Case Presentation: A 17-year-old female was transferred from an outside hospital for persistent cough, infiltrate on chest x-ray (CXR), and draining nodules on her legs and back. 1 month prior to transfer, she developed cough, shortness of breath, and malaise without fever. A CXR was consistent with pneumonia and doxycycline was initiated. 5 days later she developed painful, erythematous nodules on her right leg, progressing over 2 weeks to her back, left leg, and hip. Ten days prior to transfer, her pediatrician changed her antibiotic to trimethoprim-sulfamethoxazole and sent wound cultures (negative). 1 week prior to transfer, the nodules began draining; she was admitted to an outside hospital. Repeat imaging confirmed a right lobar pneumonia and vancomycin and azithromycin were initiated. Notable lab work and studies are listed in Table 1. Skin lesion biopsies showed perivascular dermatitis with no panniculitis. Due to progression of skin lesions, she was transferred to a tertiary center. Upon transfer, VS and saturations were normal on room air. Physical exam revealed decreased aeration in the lung bases and multiple, painful, nodular lesions on both legs and back, some with serosanguinous and purulent drainage (Figure 1). Further testing, biopsies, and cultures were obtained (Table 1). Concern for endemic coccidioidomycosis was high and history of patient travel to Chicago prompted assessment for coccidioidomycosis and histoplasmosis. Histoplasma urine antigen was positive and preliminary skin biopsy results showed fungal elements; she was started on itraconazole for a planned duration of 1 year.
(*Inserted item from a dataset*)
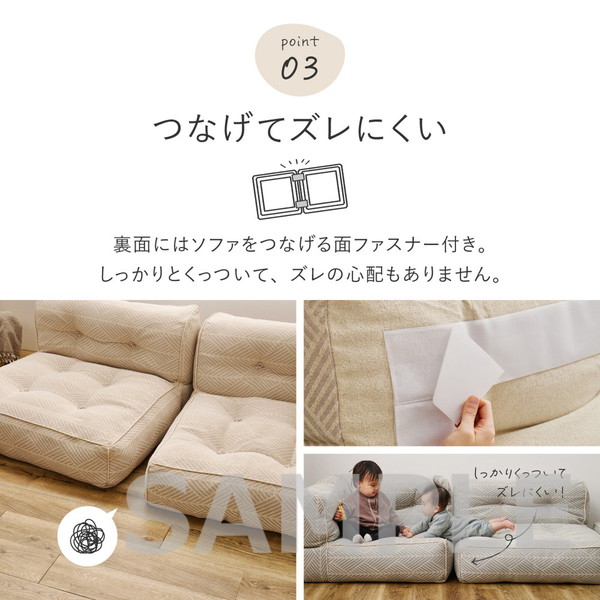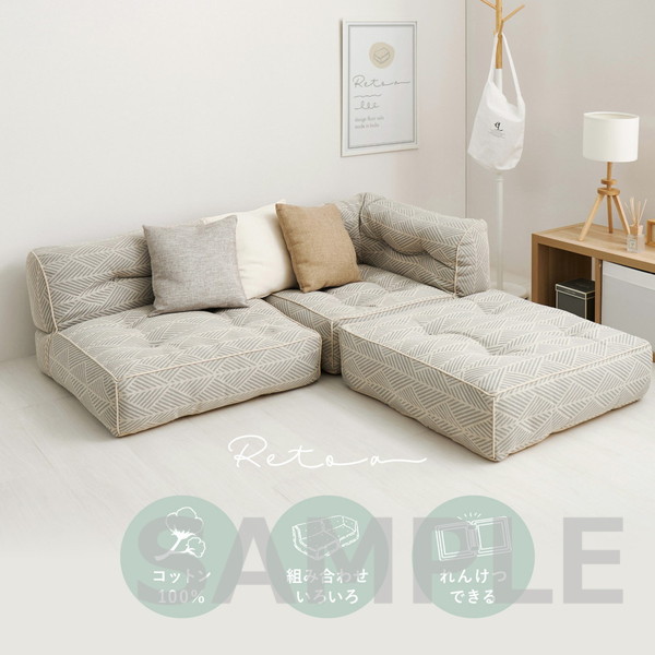 インド綿100%のやわらかく優しい風合いのフロアソファ『レトア』。空間を広くみせるロースタイルに、レイアウトも自由自在!単品使いはもちろん、ゆったりのロングソファやカウチソファ風など、用途やお部屋に合わせて使えるマルチなソファです。裏面に面ファスナー付きで、ソファ同士がしっかりとくっついてズレの心配もありません。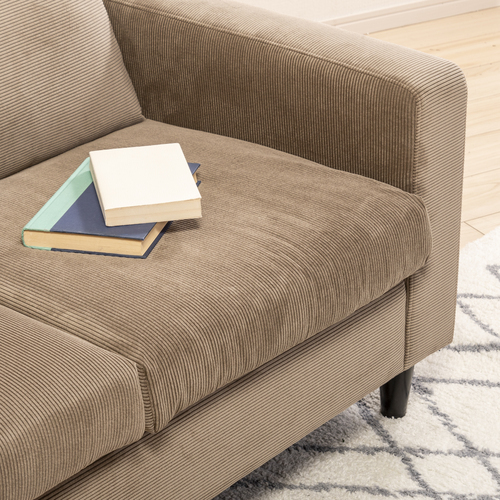 ●,手触り柔らかいコーデュロイ生地のスツール付きソファ

Prior to discharge, her final culture results returned, confirming blastomycosis rather than histoplasmosis; no change in antifungal treatment was required. After discharge, she was followed weekly to monitor her skin lesions. 2 months after discharge, her skin lesions had fully healed and she remained symptom free.
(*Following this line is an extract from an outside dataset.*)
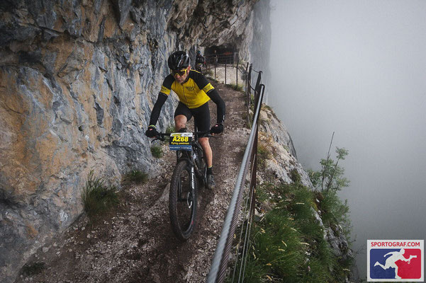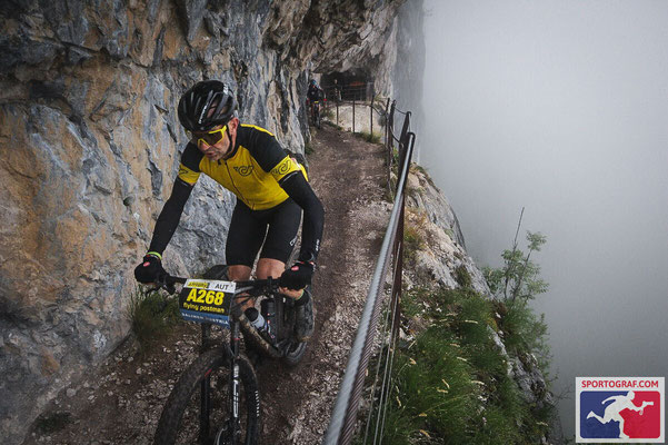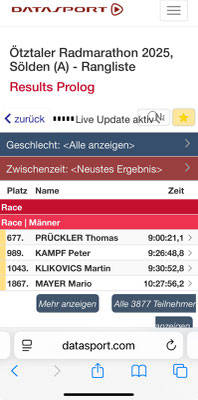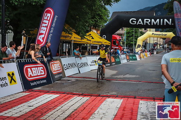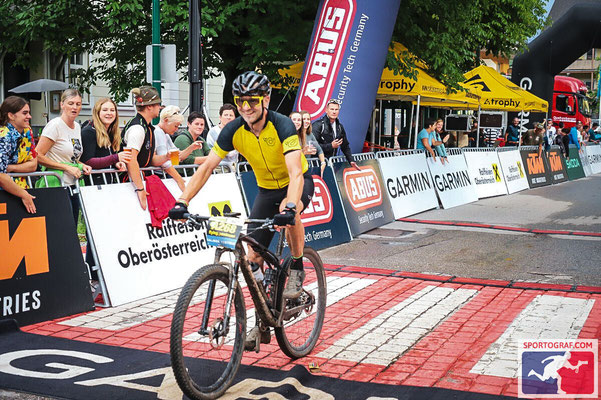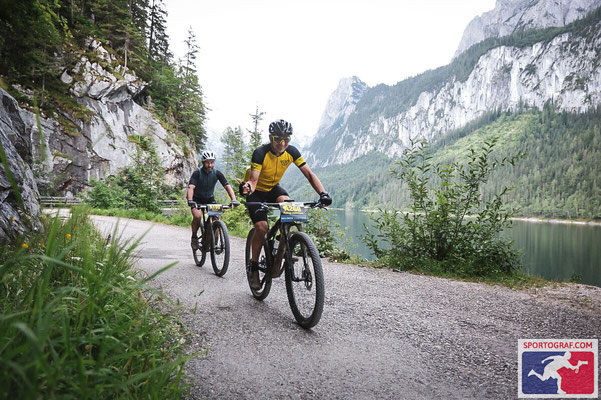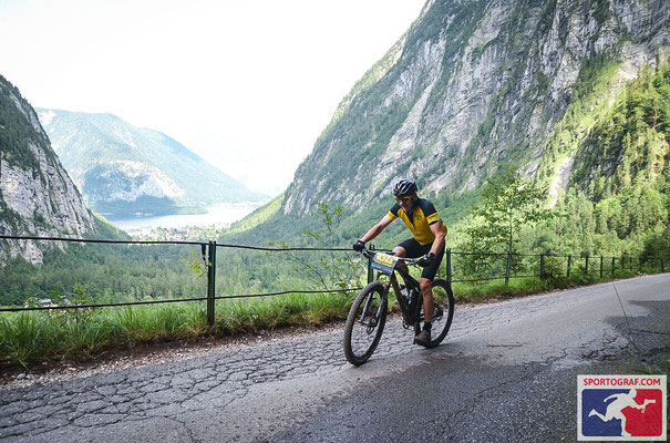 Von den Endorphinen getragen, ging es Richtung Raschberg, wo 1000 Hm am Stück abzuarbeiten waren. Dann folgten Hütteneckalm und „Ewige Wand“. Bei Weißenbach fand das erste Zeitlimit um 08:30 Uhr statt. Mit guten Beinen und 35 Minuten im Plus ging es Richtung Hochmuth weiter und danach hinauf mit Abzweigung nach Altaussee, wo der erste richtige giftige Anstieg auf den Salzberg wartete. Die ersten Krämpfe in den Beinen klopften an und ich nahm schon Magnesium zu mir. Danach führte uns die Strecke nach Bad Ischl, wo es auch einen Salzberg gab. Bei der nächsten Karenzzeit war ich schon eine Stunde im Plus. Die flache Überfahrt nach Hallstatt war ziemlich unspektakulär. Dieses Jahr wurde die Seilbahn am Hallstätter Salzberg restauriert, weshalb die Kehren heuer nicht gefahren wurden und es somit direkt von Hallstatt aus auf die Rossalm ging. Am Anfang waren es noch 20% bis 25 % Steigung, später etwas gnädiger, jedoch hatten wir aber schon 150 km in den Beinen. In der Zwischenzeit spielte mein Magen auch schon verrückt und ich konnte nichts mehr essen. Essiggurkerl und Salz erwiesen sich als Rettung für meine Krämpfe. Von der Rossalm bis ins Ziel konnte ich etliche Fahrer überholen und wurde selbst nicht mehr überholt. Es war, als wenn ich einen frischen Akku bekommen hätte. Von einem unglaublichen Flow getrieben, jagte ich die letzten 30 km in Richtung Ziel. Mittlerweile 90 Minuten im Plus, wusste ich, dass nur mehr ein technischer Defekt ein erfolgreiches Finishen vereiteln könnte. Doch das Bike und meine Beine funktionierten einwandfrei. Die mentale Komponente sollte man auch nicht bei so einer Distanz unterschätzen. Einige Male stellt man sich während des Rennens die Frage nach dem „Warum“. Kurz vor dem Ziel war noch ein Sprint drin und konnte ich noch zwei Fahrer absprinten. Überglücklich überquerte ich nach 14:25 Stunden die Ziellinie in Bad Goisern, wo meine Schwester schon auf mich wartete. Zusammen tranken wir noch einige Biere zur kurzfristigen Regeneration und dann gingen wir wieder Richtung Appartement. Dort warteten schon einige Freunde auf mich, die allesamt auf der B-Strecke starteten. Abschließend möchte ich noch sagen, dass alle die die A-Strecke finishten, Helden sind. Die Siegerzeit war 09:09 Stunden, über 5 Stunden schneller als meine Gesamtzeit, einfach unglaublich.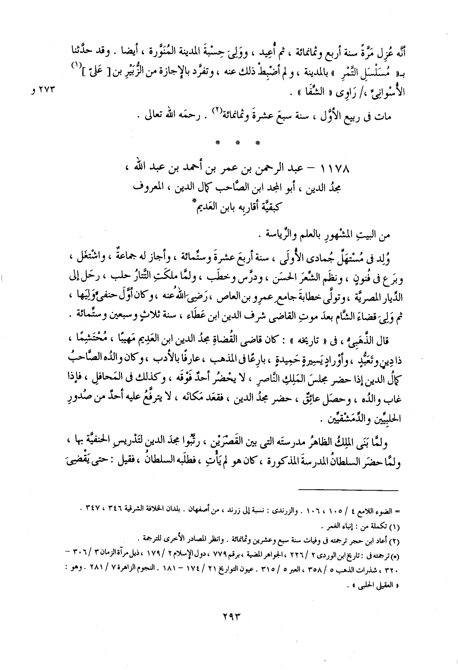 1178 - عبد الرحمن بن عمر بن أحمد بن عبد اللّه، مجد الدين، أبو المجد ابن الصّاحب كمال الدين، المعروف كبقيّة أقاربه بابن العديم *

Discussion: Blastomycosis is a granulomatous infection endemic to North America, specifically regions surrounding the Ohio and Mississippi River valleys and the Great Lakes. It presents as acute or chronic pulmonary disease and may disseminate to the skin, bones, or CNS. Diagnosis may be made by examination of wet mounts of sputum and culture confirmation is critical when possible. Serological testing may aid in the diagnosis but due to cross-reactivity with other fungi it cannot be relied on for a specific diagnosis. Dissemination occurs in roughly 15-20% of cases with a case fatality rate estimated between 4 – 6%. Though spontaneous resolution occurs in most children with pulmonary blastomycosis, treatment is recommended for all cases to prevent extrapulmonary dissemination. Given the nonspecific nature of this condition and its broad clinical manifestations, it has been described as “the great pretender”. Early diagnosis is essential to avoid disseminated disease and end organ damage.

Conclusions: This case highlights the importance of obtaining a thorough medical history and avoiding premature diagnostic closure. The initial presentation was suggestive of community acquired pneumonia and she was treated as such even after the eruption of her skin lesions, delaying initiation of appropriate treatment. Blastomycosis should be considered in any patient with nodular or ulcerated skin lesions and prolonged pulmonary symptoms unresponsive to antibacterial therapy who has residence in or history of travel to areas endemic for Blastomyces dermatiditis.